Connections by nonsandboxed procceses to sandboxed processes
Unless they are CIS or system processes, sandboxed processes won’t themselves have any protection against access from outside the sandbox either, though unknown processes running outside the sandbox will have the normal Partially Limited access restrictions.
Process access to general (virtualisation independent) interfaces and drivers
Key interfaces and drivers include those related to the disk (direct access, not via filesystem), keyboard, screen, and webcam
Access by sandboxed processes outside the sandbox
Direct disk writes are prevented as they are very difficult to virtualise.There seem to be no restrictions on sandboxed programs carrying out clipboard logging, web cam capture, or sound capture of the real environment. In addition sandboxed processes can use system processes or drivers to keylog non-sandboxed processes by at least one technique, though most techniques are inhibited. Screen capture of the real desktop by Kiosk programs is prevented unless the user ‘switches to windows’ because the screen displays the Kiosk. Screen capture of the real desktop by non-Kiosk sandboxed programs is possible using some techniques, and some are prevented.
Access by non-sandboxed processes to sandboxed processes
Unknown processes running outside the sandbox will have the normal Partially Limited access restrictions, including prevention of most background screen-grabbing techniques. These restrictions do not include clipboard logging, web cam capture, or sound capture, so they should be able to capture sandbox information and pass it outside the sandbox. It is not clear that screen-grabbing restrictions which are background only help much when you cannot see non-sandboxed foreground Kiosk processes because the Kiosk is being displayed.
Leaks to the internet
Files in the sandbox have the same firewall restrictions and encryption rules as files running outside the sandbox. By default inbound access is not allowed, so you should be safe from hackers trying to access your sandbox. Outbound access is allowed by default for both trusted and unknown files. You may wish to tighten this. Although you cannot yet make the protection level dependent in any way on sandboxed status, you could consider raising the overall level of control as described in this FAQ here.

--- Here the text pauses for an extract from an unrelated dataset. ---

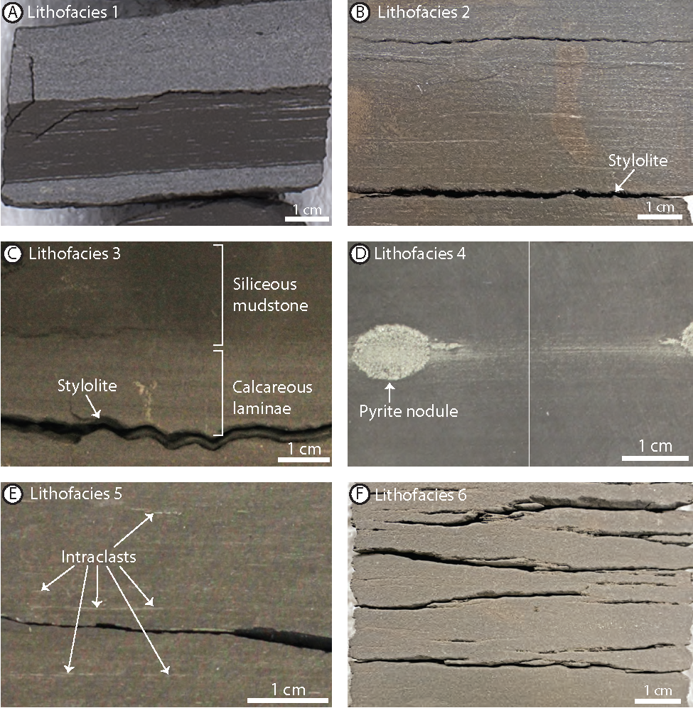Figure 2. Representative photographs showing the six lithofacies identified in the Horn River Group and overlying Imperial Formation of our studied cores. (A) Tentaculitoid grainstone intercalated with calcareous to calcareous siliceous mudstone in Lithofacies 1 at a depth of 1823.3 m in the Bluefish Member of the Hare Indian Formation of the N-09 core. (B) A calcareous mudstone of Lithofacies 2 from the N-09 core at a depth of 1777.3 m in the Vermillion Creek Member of the Canol Formation. (C) Lithofacies 3 at 1749.2 m in the Vermillion Creek Member (Canol Formation) of the O-06 core. The image shows a siliceous mudstone with calcareous laminae. (D) A siliceous mudstone characteristic of Lithofacies 4 at 1677.7 m in the Dodo Canyon Member (Canol Formation) of the O-06 core. (E) Intraclast-rich laminae in a mudstone sample of Lithofacies 5 from the I-78 core at 1829.2 m in the Dodo Canyon Member of the Canol Formation. (F) A fissile, argillaceous mudstone of Lithofacies 6 at 1696.3 m from the N-09 core in the Imperial Formation.

Secret access to sandbox information by sandbox processes
The risks associated with this and other security holes are increased by the ability of sandboxed processes to background keylog and clipboard log other sandboxed processes. By default - ie for processes running under the the fully virtualised policy - there are partial restrictions in place that restrict the ability of sandboxed processes to background keylog and screen-grab other sandboxed processes. There seem to be no restrictions on clipboard logging, web cam capture, or sound capture.
User access to the sandbox and the real desktop
If you have data or systems you want to protect in a sandbox, user access from the real desktop can be restricted using CIS and/or Kiosk passwords. If you have data or systems you want to protect in the real environment, user access from the Kiosk can be restricted using a Kiosk exit password. Password implementation is rather flaky and easily bypassed at present, so while it may deter, it won’t withstand a determined attack.